I recently read a new paper (late 2019) about a one-shot object detector called CenterNet. Apart from this, I'm using Yolo (V3) one-shot detector, and what surprised me is the close similarity between Yolo V1 and CenterNet.
First, both frameworks treat object detection as a regression problem, each of them outputs a tensor that can be seen as a grid with cells (below is an example of an output grid).
Each cell in this grid predicts an object class, a box offset relative to the cell's position and a box size. The only major difference between Yolo V1 and CenterNet is that Yolo also predicts an object confidence score, that is represented in CenterNet by the class score. Yolo also predicts 2 boxes.
In brief, the tensor at one cell position is Class + B x (Conf + Size + Off)
for Yolo V1 and Class + Size + Off
for CenterNet.
The training strategy is quite similar too. Only the cell containing the center of a ground truth is responsible for that detection and thus affects the loss. Cells near the ground truths center (base on the distance for CenterNet and IoU for Darknet) have a reduced penalty in the loss (Focal Loss for CenterNet vs and tuned hyper parameter for Yolo).
The loss functions have near the same structure (see above) except that L1 is preferred in CenterNet while Yolo uses L2, among other subtleties.
My point is not that Yolo V1 and CenterNet are the same — there are not — but they are far closer that it appears at first glance.
The problem is that recent papers like CenterNet (CornerNet, ExtremeNet, Triplet CenterNet, MatrixNet) all claim to be "Keypoint-based detector" while they are not so much different than regular "anchor-based" detectors (that are preconditioned regressors in fact).

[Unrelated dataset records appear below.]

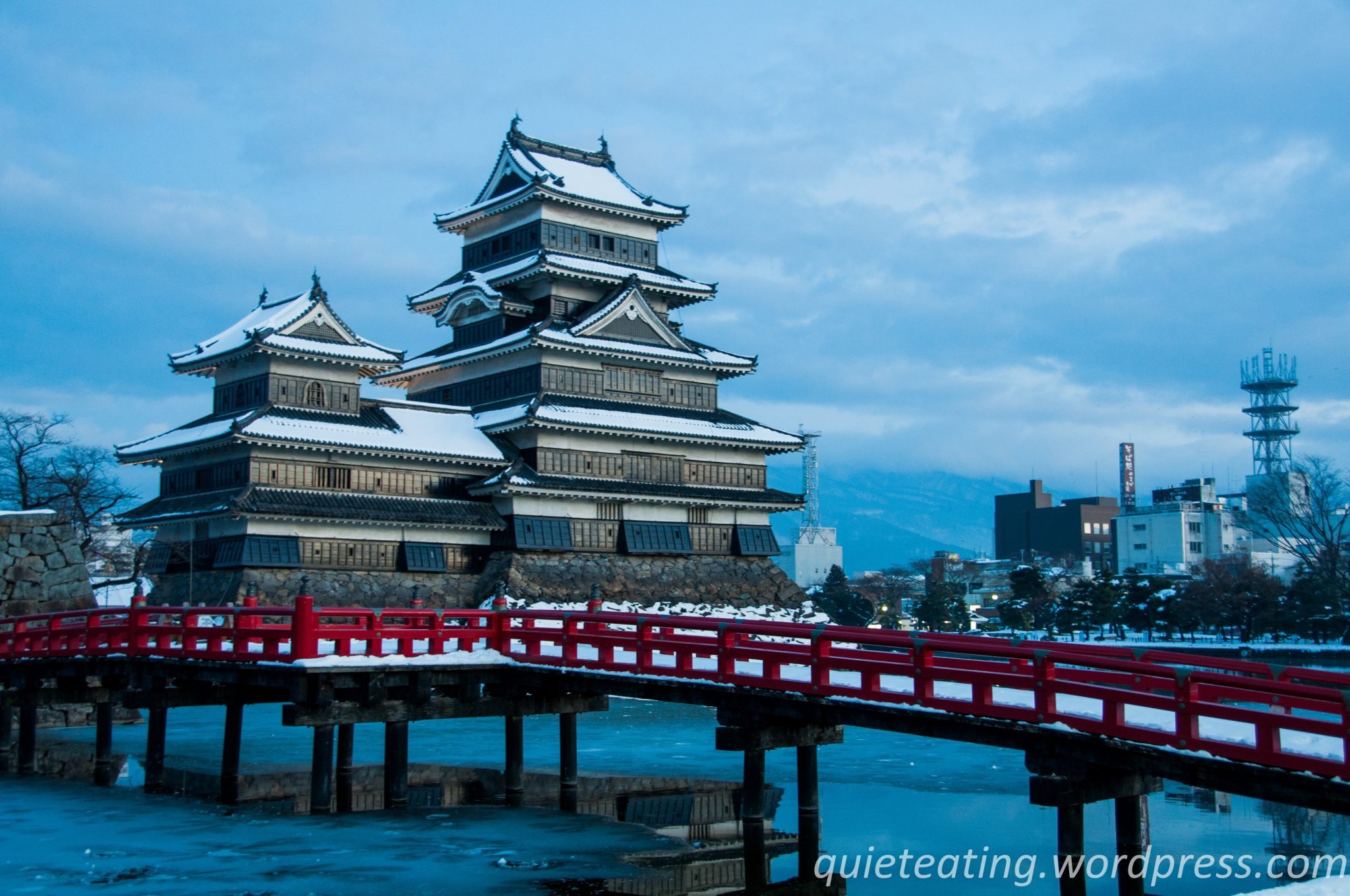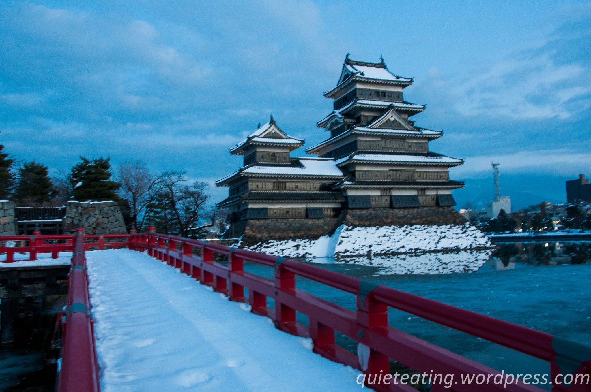 The castle looks great with the snow, makes me want to go to Matsumoto!
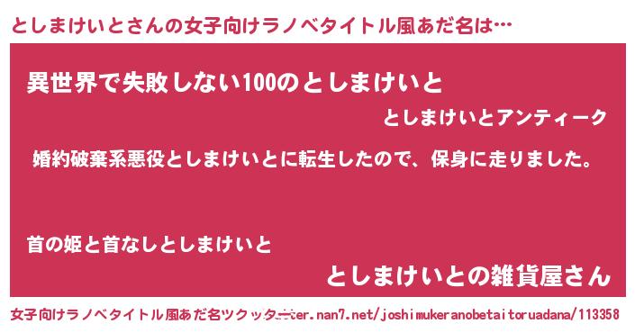 | 胡散臭い通販商品みたいなあだ名 | 『絶対に幸福をもたらす水素水…その名も「としまけいと」』 |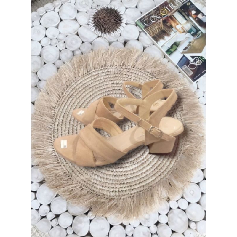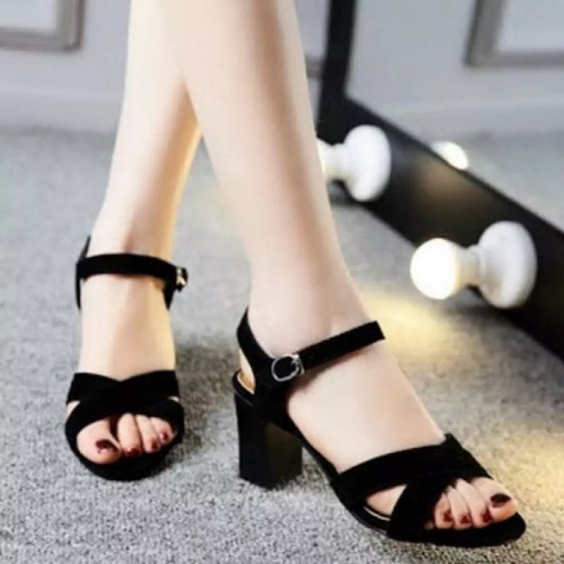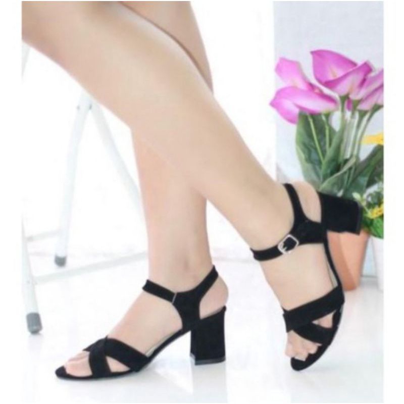SANDAL FLAT WANITA HIGHEELS CEWE HAK TAHU 5 CM EL SILANG FORMAL CASUAL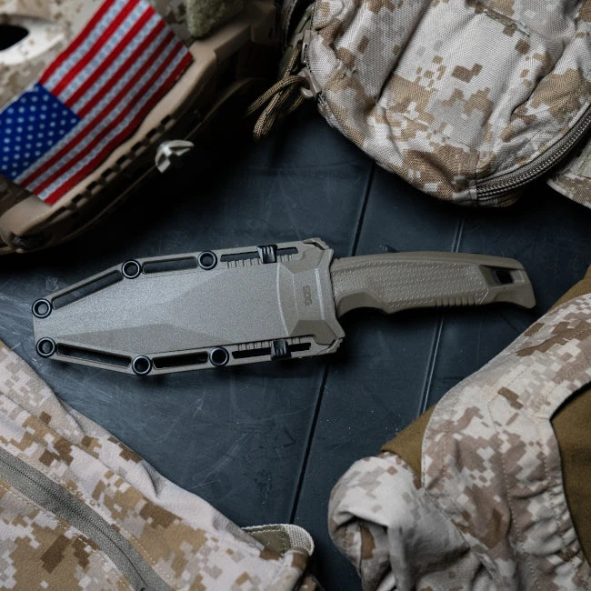 A wholly modern fixed-blade duty knife, Recondo FX can trace its warfighter lineage back to the origins of SOG. The overmoulded rubberized grip allows for optimal hand grips at all angles in virtually all environments. The full-tang CRYO 440C stainless steel blade has outstanding corrosion and wear resistance. SOG’s UMS-compatible sheath is ambidextrous and provides multiple mounting options and features a tool-less tension adjustment system allowing for the perfect draw. Versatile and adaptable, the whole world serves as Recondo FX’s drop zone.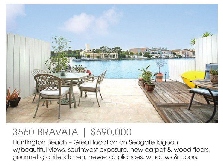 Huntington Beach – Great location on Seagate lagoon w/beautiful views, southwest exposure, new carpet & wood floors, gourmet granite kitchen, newer appliances, windows & doors.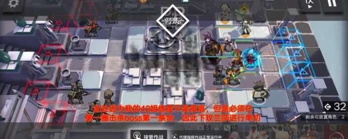 如果没有成功击杀boss第一条命,则等待,期间部署小火龙或同类的术士进行清怪,再部署群奶吸引仇恨保护小火龙,在情掉小怪,boss准备开始绕圈的时候部署梅兰莎等剑圣近卫将boss最后一丝血条清空。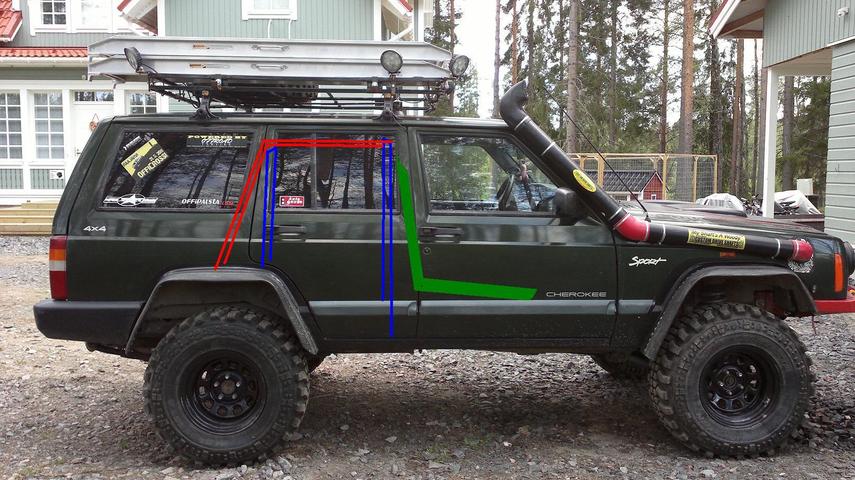Noniin, TML:ssä oli missattiin niin paljon pisteitä kaarien puuttumisen vuoksi, että nyt täytyy ryhdistäytyä tämän kanssa. Eli aiheena kaaret Wrangleriin ja tavoitteena saada järkevät kaaret joilla pääsee suunnistuskisoihin sekä varmistaa mahdollinen laajennettavuus AKK-sääntöjen mukaiseksi (http://www.autourheilu.fi/attachemen...9-32-16218.pdf). Liitteenä on pari kuvaa jotka kertovat millaiset kaaret Wranglerissa on alunperin, ja yksi Paintilla maalattu kuva esittämässä suunnitellun kaaren perusrakennetta.

Instead I think that the biggest difference between Yolo and CenterNet is the backbone that has a bigger resolution for CenterNet (64x64) while Darknet has 7 or 8 only.
My Question is: do you see a major difference between the two concepts that I may have missed and that could explain the performance gap? I understand that new backbones, new loss functions and better resolutions can improve the accuracy but is there a structural difference between the two approaches?